#### What you need to do
Restate word for word the line containing "Exploits Discovery Corp." and all remaining lines of the entries below.

#### Provided information
··········

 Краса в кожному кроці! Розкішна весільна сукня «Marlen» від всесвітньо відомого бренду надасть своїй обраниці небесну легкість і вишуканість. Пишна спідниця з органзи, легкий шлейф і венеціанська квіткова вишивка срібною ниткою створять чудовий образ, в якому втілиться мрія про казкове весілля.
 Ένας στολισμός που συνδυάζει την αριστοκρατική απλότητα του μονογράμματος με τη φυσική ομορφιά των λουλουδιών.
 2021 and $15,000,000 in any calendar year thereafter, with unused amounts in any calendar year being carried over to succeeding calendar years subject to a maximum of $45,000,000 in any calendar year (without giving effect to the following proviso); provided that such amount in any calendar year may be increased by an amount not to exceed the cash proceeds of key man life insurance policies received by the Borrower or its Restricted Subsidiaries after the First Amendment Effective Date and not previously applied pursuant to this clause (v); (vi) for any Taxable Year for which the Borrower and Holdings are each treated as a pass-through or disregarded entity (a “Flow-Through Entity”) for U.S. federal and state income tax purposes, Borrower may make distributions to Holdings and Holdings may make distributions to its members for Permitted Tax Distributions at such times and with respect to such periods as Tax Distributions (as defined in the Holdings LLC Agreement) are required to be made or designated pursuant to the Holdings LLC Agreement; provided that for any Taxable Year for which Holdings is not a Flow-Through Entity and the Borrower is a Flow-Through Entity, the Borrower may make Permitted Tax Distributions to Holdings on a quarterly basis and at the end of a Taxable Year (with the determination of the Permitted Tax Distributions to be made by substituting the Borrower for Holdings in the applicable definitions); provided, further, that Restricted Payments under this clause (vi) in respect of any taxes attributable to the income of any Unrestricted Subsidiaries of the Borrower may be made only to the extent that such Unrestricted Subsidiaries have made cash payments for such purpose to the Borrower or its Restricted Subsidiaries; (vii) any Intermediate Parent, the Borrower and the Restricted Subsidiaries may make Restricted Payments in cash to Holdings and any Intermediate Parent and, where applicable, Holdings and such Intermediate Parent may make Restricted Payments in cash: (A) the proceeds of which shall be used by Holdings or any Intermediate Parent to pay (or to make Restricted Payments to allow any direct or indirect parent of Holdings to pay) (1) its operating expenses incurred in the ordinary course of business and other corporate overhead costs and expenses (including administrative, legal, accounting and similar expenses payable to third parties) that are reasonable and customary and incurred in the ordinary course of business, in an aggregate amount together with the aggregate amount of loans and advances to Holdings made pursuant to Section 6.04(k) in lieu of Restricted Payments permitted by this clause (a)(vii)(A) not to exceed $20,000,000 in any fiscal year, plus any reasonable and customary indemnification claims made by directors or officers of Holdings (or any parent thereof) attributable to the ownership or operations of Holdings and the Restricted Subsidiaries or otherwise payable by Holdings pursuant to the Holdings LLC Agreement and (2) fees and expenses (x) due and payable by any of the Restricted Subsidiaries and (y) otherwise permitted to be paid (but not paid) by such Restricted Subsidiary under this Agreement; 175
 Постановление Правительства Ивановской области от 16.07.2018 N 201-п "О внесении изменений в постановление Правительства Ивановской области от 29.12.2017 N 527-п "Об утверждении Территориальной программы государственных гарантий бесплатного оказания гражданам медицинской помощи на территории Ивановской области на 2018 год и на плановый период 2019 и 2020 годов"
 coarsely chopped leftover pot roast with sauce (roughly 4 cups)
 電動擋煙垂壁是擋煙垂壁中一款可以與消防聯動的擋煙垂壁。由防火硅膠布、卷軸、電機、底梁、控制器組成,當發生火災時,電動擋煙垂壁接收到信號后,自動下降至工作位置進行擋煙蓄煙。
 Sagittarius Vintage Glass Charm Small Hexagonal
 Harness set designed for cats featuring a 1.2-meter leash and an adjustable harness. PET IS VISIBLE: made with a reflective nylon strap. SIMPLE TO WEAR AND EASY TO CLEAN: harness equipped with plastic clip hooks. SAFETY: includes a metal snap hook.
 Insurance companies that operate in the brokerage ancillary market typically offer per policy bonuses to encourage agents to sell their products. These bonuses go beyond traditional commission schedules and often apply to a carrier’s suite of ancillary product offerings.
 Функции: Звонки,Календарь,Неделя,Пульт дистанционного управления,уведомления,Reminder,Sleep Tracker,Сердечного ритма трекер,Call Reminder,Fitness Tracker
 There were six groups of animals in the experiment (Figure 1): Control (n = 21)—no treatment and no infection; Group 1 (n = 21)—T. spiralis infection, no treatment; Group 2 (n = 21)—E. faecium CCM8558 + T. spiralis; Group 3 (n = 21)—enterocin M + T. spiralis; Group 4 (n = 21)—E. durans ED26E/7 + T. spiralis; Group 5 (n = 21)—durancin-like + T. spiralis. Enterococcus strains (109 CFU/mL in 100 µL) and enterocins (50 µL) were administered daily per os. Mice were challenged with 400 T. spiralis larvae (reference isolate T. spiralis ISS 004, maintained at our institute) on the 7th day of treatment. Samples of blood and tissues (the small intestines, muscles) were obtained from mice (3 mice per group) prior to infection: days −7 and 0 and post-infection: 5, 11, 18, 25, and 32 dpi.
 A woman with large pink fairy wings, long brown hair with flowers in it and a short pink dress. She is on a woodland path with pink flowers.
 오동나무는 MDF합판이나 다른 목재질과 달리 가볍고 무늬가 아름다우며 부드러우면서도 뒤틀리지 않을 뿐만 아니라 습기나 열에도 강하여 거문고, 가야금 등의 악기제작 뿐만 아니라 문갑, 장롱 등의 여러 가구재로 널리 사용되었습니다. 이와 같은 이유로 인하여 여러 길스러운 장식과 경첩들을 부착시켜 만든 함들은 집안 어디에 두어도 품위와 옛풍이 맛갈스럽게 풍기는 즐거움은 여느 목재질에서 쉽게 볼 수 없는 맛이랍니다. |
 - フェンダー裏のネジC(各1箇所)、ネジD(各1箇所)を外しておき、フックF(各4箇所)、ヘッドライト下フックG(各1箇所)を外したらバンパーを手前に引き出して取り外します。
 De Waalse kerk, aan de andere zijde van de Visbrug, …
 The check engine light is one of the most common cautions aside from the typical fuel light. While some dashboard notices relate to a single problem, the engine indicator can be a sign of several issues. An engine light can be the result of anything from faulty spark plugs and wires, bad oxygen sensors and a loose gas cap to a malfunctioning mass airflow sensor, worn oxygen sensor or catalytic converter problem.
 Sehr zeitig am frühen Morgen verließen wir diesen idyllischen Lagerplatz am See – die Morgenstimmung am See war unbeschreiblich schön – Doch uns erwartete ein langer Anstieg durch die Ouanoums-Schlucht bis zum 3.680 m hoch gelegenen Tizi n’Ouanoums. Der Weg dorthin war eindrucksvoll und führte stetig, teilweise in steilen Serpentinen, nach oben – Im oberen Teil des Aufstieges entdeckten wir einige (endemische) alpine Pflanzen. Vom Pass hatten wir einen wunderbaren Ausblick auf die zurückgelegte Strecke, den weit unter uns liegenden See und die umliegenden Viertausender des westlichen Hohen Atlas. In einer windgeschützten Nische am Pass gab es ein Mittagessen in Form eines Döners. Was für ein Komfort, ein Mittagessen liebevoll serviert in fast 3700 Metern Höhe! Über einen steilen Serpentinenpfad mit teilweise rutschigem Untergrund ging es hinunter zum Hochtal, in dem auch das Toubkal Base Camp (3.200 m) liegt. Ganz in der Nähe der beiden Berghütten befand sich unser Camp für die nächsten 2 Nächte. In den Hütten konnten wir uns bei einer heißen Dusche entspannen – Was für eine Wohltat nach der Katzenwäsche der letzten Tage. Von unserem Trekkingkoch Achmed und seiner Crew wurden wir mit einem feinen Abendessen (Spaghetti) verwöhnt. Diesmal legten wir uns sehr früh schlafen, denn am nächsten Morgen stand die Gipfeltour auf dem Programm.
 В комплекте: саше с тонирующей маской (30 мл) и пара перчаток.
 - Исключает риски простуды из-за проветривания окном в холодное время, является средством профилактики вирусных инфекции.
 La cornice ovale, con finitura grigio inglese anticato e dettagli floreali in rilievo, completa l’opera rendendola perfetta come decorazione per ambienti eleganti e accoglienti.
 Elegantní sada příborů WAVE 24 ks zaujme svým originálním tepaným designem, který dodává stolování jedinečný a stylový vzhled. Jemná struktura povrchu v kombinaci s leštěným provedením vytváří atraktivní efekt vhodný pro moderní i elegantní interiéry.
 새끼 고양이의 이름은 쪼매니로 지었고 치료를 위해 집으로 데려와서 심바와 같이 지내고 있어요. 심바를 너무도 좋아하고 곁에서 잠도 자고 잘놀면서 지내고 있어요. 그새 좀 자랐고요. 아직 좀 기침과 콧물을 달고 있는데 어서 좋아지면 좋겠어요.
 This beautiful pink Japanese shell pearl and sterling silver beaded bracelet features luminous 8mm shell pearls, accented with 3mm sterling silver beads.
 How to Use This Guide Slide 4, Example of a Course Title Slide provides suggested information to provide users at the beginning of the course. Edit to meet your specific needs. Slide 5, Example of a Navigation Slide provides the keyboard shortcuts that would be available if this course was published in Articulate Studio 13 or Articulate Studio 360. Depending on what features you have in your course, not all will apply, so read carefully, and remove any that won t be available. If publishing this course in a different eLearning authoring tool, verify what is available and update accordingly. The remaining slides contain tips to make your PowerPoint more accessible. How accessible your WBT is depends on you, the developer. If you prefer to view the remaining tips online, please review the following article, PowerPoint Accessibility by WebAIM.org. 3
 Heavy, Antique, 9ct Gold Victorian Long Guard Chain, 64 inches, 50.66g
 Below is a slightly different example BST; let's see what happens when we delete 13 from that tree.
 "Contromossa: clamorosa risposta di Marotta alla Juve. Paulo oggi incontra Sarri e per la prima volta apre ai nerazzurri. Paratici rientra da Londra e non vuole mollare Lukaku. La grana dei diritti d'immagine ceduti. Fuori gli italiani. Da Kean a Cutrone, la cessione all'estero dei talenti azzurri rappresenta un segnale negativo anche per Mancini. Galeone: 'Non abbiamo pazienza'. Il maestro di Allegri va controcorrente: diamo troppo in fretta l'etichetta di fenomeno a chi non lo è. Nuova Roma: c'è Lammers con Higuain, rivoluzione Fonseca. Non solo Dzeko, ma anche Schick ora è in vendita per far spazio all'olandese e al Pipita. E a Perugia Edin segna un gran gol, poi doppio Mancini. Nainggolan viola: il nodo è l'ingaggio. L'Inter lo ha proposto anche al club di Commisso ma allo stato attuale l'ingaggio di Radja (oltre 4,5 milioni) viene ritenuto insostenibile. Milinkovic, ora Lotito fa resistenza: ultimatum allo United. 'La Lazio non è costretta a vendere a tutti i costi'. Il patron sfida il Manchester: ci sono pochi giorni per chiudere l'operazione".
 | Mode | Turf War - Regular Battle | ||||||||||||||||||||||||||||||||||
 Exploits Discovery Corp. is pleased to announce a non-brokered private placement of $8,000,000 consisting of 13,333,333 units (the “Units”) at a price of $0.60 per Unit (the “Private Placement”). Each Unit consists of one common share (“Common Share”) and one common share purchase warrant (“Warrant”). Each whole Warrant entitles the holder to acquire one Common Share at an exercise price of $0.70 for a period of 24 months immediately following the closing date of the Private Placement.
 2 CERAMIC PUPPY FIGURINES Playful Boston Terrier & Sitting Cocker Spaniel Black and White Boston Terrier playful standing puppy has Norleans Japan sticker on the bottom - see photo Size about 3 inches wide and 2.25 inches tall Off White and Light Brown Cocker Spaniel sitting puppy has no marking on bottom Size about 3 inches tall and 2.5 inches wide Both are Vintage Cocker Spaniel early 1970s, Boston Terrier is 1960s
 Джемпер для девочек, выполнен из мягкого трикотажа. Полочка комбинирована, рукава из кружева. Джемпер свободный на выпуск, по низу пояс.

··········

#### Task solution
 Exploits Discovery Corp. is pleased to announce a non-brokered private placement of $8,000,000 consisting of 13,333,333 units (the “Units”) at a price of $0.60 per Unit (the “Private Placement”). Each Unit consists of one common share (“Common Share”) and one common share purchase warrant (“Warrant”). Each whole Warrant entitles the holder to acquire one Common Share at an exercise price of $0.70 for a period of 24 months immediately following the closing date of the Private Placement.
 2 CERAMIC PUPPY FIGURINES Playful Boston Terrier & Sitting Cocker Spaniel Black and White Boston Terrier playful standing puppy has Norleans Japan sticker on the bottom - see photo Size about 3 inches wide and 2.25 inches tall Off White and Light Brown Cocker Spaniel sitting puppy has no marking on bottom Size about 3 inches tall and 2.5 inches wide Both are Vintage Cocker Spaniel early 1970s, Boston Terrier is 1960s
 Джемпер для девочек, выполнен из мягкого трикотажа. Полочка комбинирована, рукава из кружева. Джемпер свободный на выпуск, по низу пояс.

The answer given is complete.